Avec le ciel pur est revenue cette chaleur tropicale, dont nous avons tant souffert les jours précédents. Aujourd’hui, elle est heureusement tempérée par la brise. La tente ayant été rétablie à l’arrière du radeau, nous y cherchons un abri tour à tour.

Cependant, l’insuffisance de l’alimentation commence à se faire plus sérieusement sentir. On souffre de la faim, visiblement. Les joues sont creuses, les figures amincies. Chez la plupart de nous, le système nerveux central est directement attaqué, et la constriction de l’estomac produit une sensation douloureuse. Si pour tromper cette faim, si pour l’endormir, nous avions quelque narcotique, opium ou tabac, peut-être serait-elle plus tolérable ! Non ! tout nous manque !

Un seul de nous échappe à cet impérieux besoin. C’est le lieutenant Walter, en proie à une fièvre intense, et que sa fièvre « nourrit » ; mais une soif ardente le torture. Miss Herbey, tout en conservant pour le malade une partie de sa ration, a obtenu du capitaine un supplément d’eau ; de quart d’heure en quart d’heure, elle imbibe les lèvres du lieutenant. Walter peut à peine prononcer une parole, et du regard il remercie la charitable jeune fille. Pauvre garçon ! il est condamné, et les soins les plus persévérants ne le sauveront pas. Lui, du moins, n’aura plus longtemps à souffrir !
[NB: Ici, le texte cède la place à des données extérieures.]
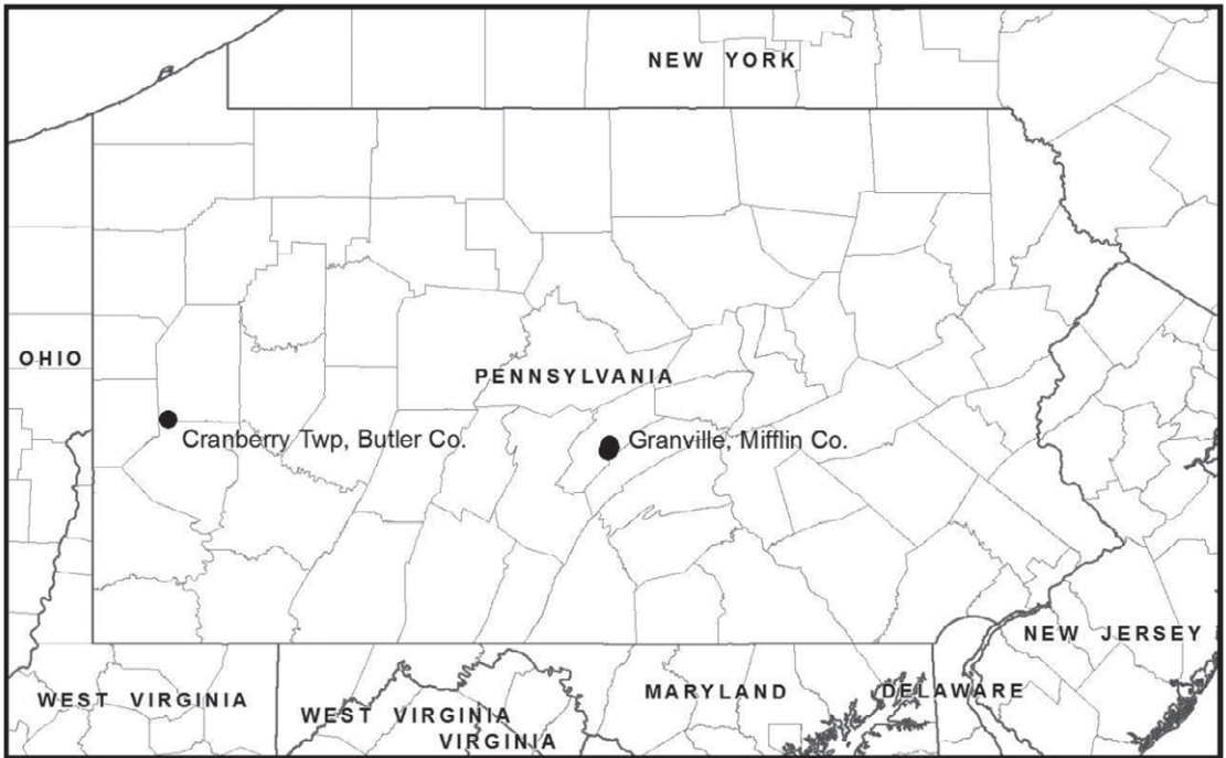
Fig 1. Locations where the emerald ash borer was first discovered and field survey samples were taken in western (Cranberry Township, Butler Co.) and central (Granville, Mifflin Co.), Pennsylvania.

Du reste, il semble aujourd’hui avoir conscience de son état, car il m’appelle d’un signe. Je vais m’asseoir près de lui. Il rassemble alors toutes ses forces, et, à mots entrecoupés, il me dit :

« Monsieur Kazallon, en ai-je pour longtemps ? »

Si peu que j’hésite à répondre, Walter le remarque.

« La vérité ! reprend-il, la vérité tout entière !

— Je ne suis pas médecin, et je ne saurais…

— N’importe ! Répondez-moi, je vous en prie !.. »

Je regarde longuement le malade, puis, je pose mon oreille contre sa poitrine. Depuis quelques jours, la phthisie a évidemment fait en lui des progrès effrayants. Il est bien certain que l’un de ses poumons ne fonctionne plus, et que l’autre peut à peine suffire aux besoins de la respiration. Walter est en proie à une fièvre qui doit être le signe d’une fin prochaine dans les affections tuberculeuses.

Que puis-je répondre à la question du lieutenant ?

Son regard est si interrogateur que je ne sais que faire, et je cherche quelque réponse évasive !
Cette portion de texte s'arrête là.